Daniel Demois, co-owner of the Fox Theatre in the Beach, is hopeful the 106-year-old lady of the silver screen has a lot of life left in her yet, as he relates how business is faring in these coronavirus days. It’s a bit of a struggle.
The theatre normally seats 250, but for the time being capacity has been much lower. Patrons have dedicated seating so they can sit safely distanced from each other as they wear masks. Staff keep eyes out to make sure the rules are being followed, and they are.
Also, more time is being taken to clean between shows. It’s now an hour as opposed to 15 minutes and it concentrates more on where people have sat. Hand sanitizers are everywhere.
Like so many businesses the Fox was required to shut down in mid-March when health officials, not surprisingly, got jittery over the increasing number of virus cases.
But as the number began a downward trend over summer, the theatre got a reprieve and reopened on Aug. 7 to the relief of movie buffs who needed something — anything — to get their minds off the virus, much the way people in the 1940s saw movies as a way to briefly escape the constant bombardment of Second World War news.
Attendance has been “okay,” Demois said in an interview. “People are coming but we have a capacity of 50. But we’re not maxing out our capacity right now. We’re getting, maybe, half capacity.”
Government assistance has been helpful.
“Obviously we’re used to having 250 seats available and much more film product available, so that makes it difficult for sure,” he said. “Without wage subsidy, without rent subsidy … that’s what I’m more concerned about. Without the government support through those subsidies it would be a problem right now.”

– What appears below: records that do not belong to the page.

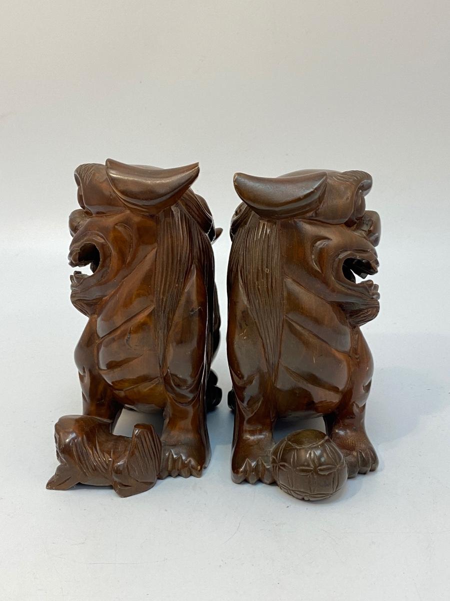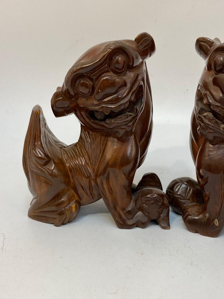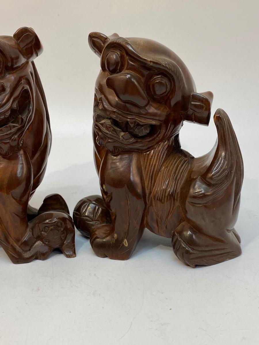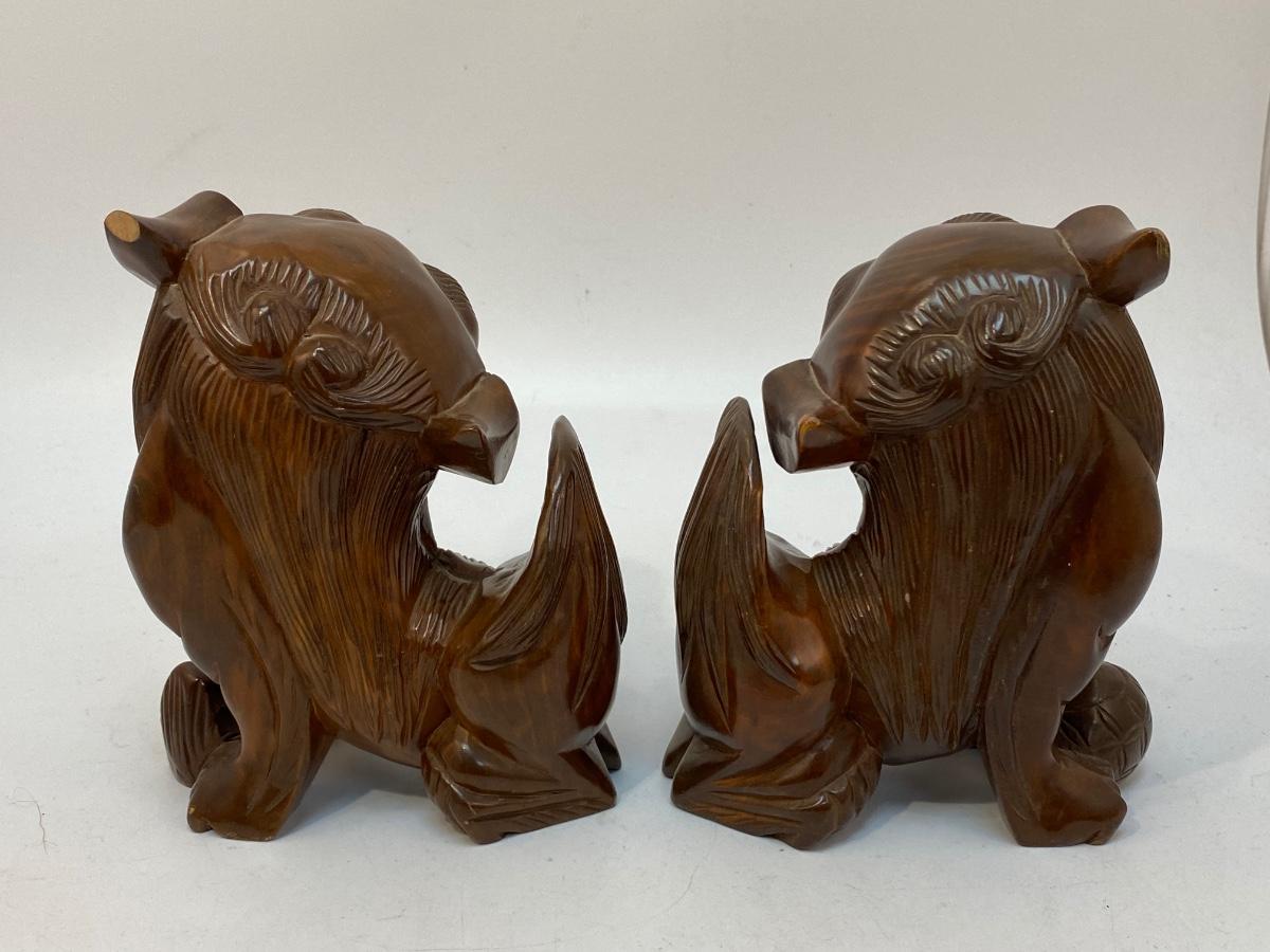 Vintage Midcentury Carved Wood Foo Dogs Bookends Figurines. Display great. Small spots of damage on backsides. About 6" height.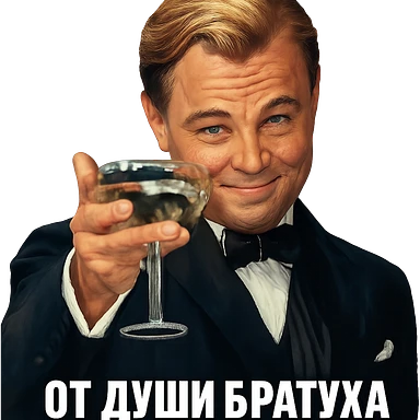 Герой на фотографии в позе и выражением лица из знаменитого мема с Ди Каприо из Великого Гэтсби, слегка рисованный, но при этом реалистичный объемный стиль, прозрачный фонimage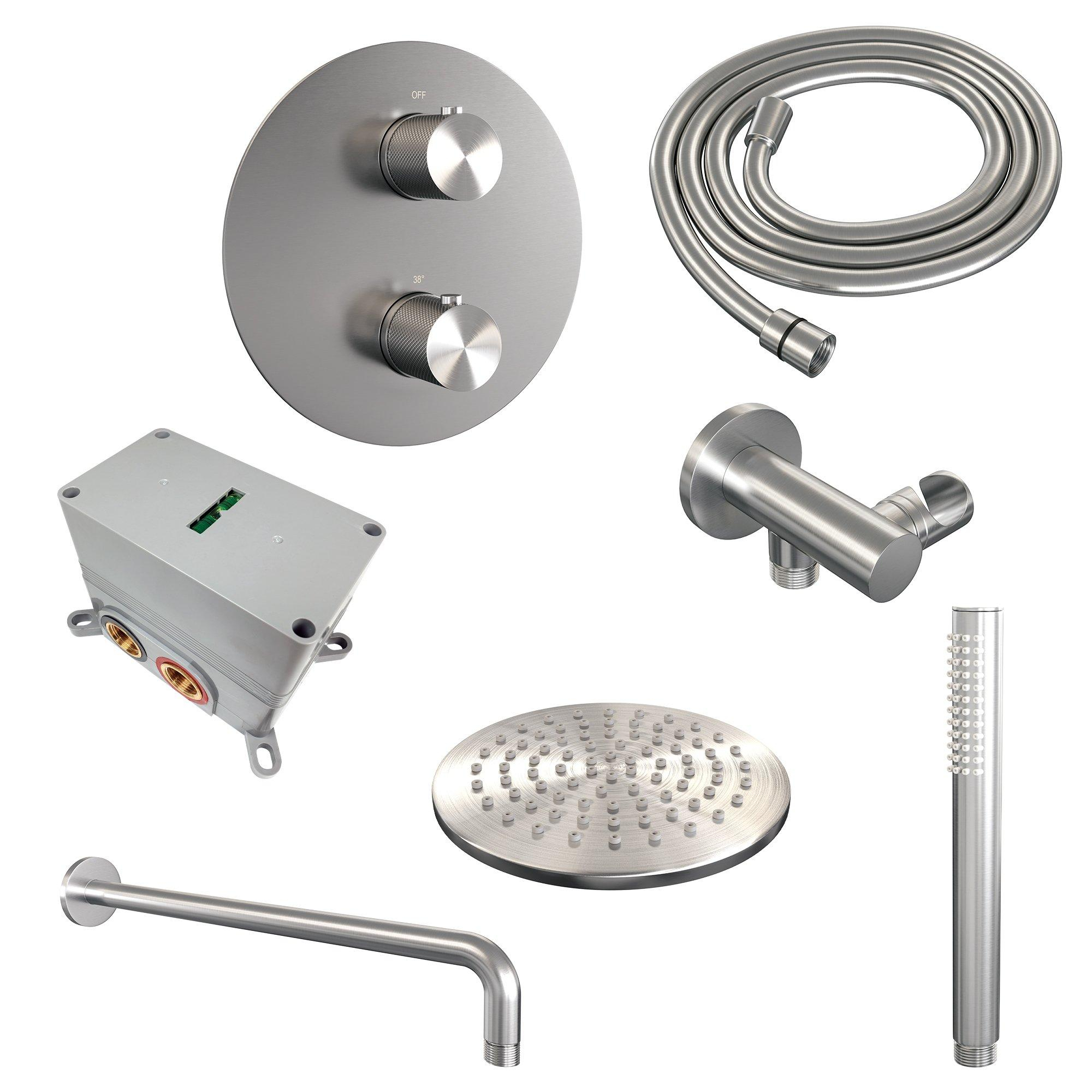 BRAUER Brushed Carving douche thermostatique encastrée pluie - 3 voies - rond - set 75 - douche principale 20cm - bras de mur courbé - douchette à main - flexible de douche - coude mural - inox brossé PVD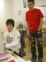 「ワッペン型の刺しゅう」を、縫い付けています。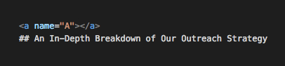 You’re also going to need to do a couple of things to make it interactive. First, you’re going to need to add anchor tags to each section you want to link to from your table of contents. I’d recommend adding these tags right above the heading you’re linking to. Here’s what an anchor tag looks like: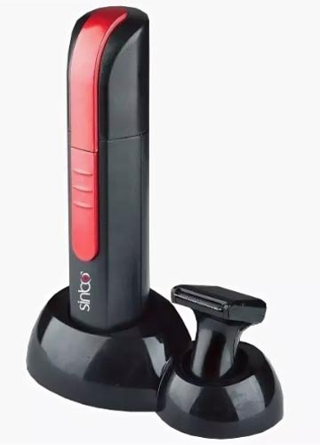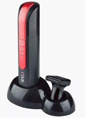 Trimer ima set visokokvalitetnih noževa od nehrđajućeg čelika, koji se suočava s rezanjem kose u ušima i nosu. Opremljen s dvije mlaznice i posebnim postoljem. Mala četka lako uklanja posječenu kosu. Rad uređaja osigurava AA baterija, koja traje dugo vremena. Elegantan crno-crveni dizajn pretvara običnog trimera u modni dodatak koji je pogodan za nošenje sa sobom svugdje. Stalak vam omogućuje da cijeli set držite pri ruci i da ne gubite male dijelove.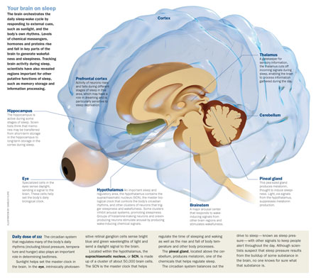 Sleep and wake are part of the metabolic cycle in the brain, Pack says. In this view, sleep is a time for replenishment and construction of cellular parts. “So when wakefulness comes along, you have the building blocks to make synapses,” the junctures between neurons through which signals flow.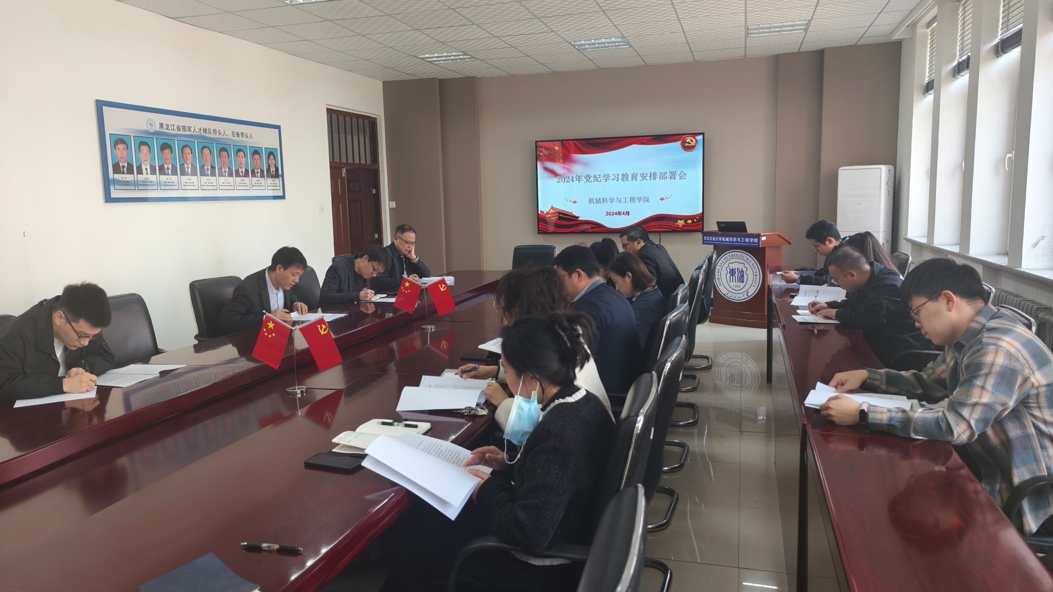 王勇书记根据学校《关于在全校开展党纪学习教育的实施方案》的通知要求,对学院党纪学习教育作具体安排部署。要求,要原原本本学《中国共产党纪律处分条例》,党委会议和支部会议要深化“第一议题”学习和研讨,领导干部参加专题读书班,党员要抓实抓好个人自学,制定自学计划。要坚持理论学习中心组学习,积极开展党纪学习教育主题党日,班子成员要在所在支部讲廉政纪律党课,强化党纪教育。要开展警示教育活动,深刻剖析典型案例。建设廉政宣传文化墙,深化新时代廉洁文化建设。要开展《条例》网络学习和解读,深化理解运用。在学院网站和微信公众号,开通党纪学习教育专题,加强媒体宣传。开展党员干部培训,强化党员纪律意识。要对照《条例》检视问题,开好年度民主生活会和组织生活会。

And there’s still the question of the October rent subsidy. “It’s not been decided yet,” Demois said. “There’s concern about which direction that goes.”
The Fox has three shows daily on weekdays and four daily on weekends. Patrons have been showing their allegiance during these tough times. After the March shutdown there was “quite an uptake” in membership and people bought gift certificates.
Seat plates sold out
“People just wanted to support the theatre,” Demois said. “That was very helpful and encouraging.”
And just as you see park benches with name plates, patrons have bought plates for theatre seats bearing their names or those of loved ones. Some plates even carry favourite film quotes.
“We sold that out within a week or two. We sold out every seat,” Demois said.
“During that process we heard so many great stories about why the theatre’s important to people. It was important to their parents or they went there when they were kids.”
Demois and associate Andy Willick have managed the Fox since 2007. They got a taste for movie theatres in their younger days.
“We spent a lot of time at these independent cinemas in high school growing up,” Demois recalled. “Toronto’s lucky to have had so many. It’s something we were fascinated with and loved.”
Now they do it for the same reason but added to that is the theatrical experience. “It’s something to be preserved — I know there’s many others like us who feel it’s the best way to watch a movie,” Demois said.
What’s the future of movie theatres? Demois takes a moment to think about that. One thing to consider is the pandemic has “fast tracked” a lot of the home viewing options that he, admittedly, expected.
But then, he said, think of the video store or the bookstore and what’s happened to them. “We see mass closures of these things, but they’re more of a corporate level [and] we still have the independent version of those things,” Demois said.
“Theatrical may not always be something that can work on a mass level, but I think it will always be something that there will be a niche for,” he said. “Before this pandemic we’d only been seeing [attendance] increases year after year.”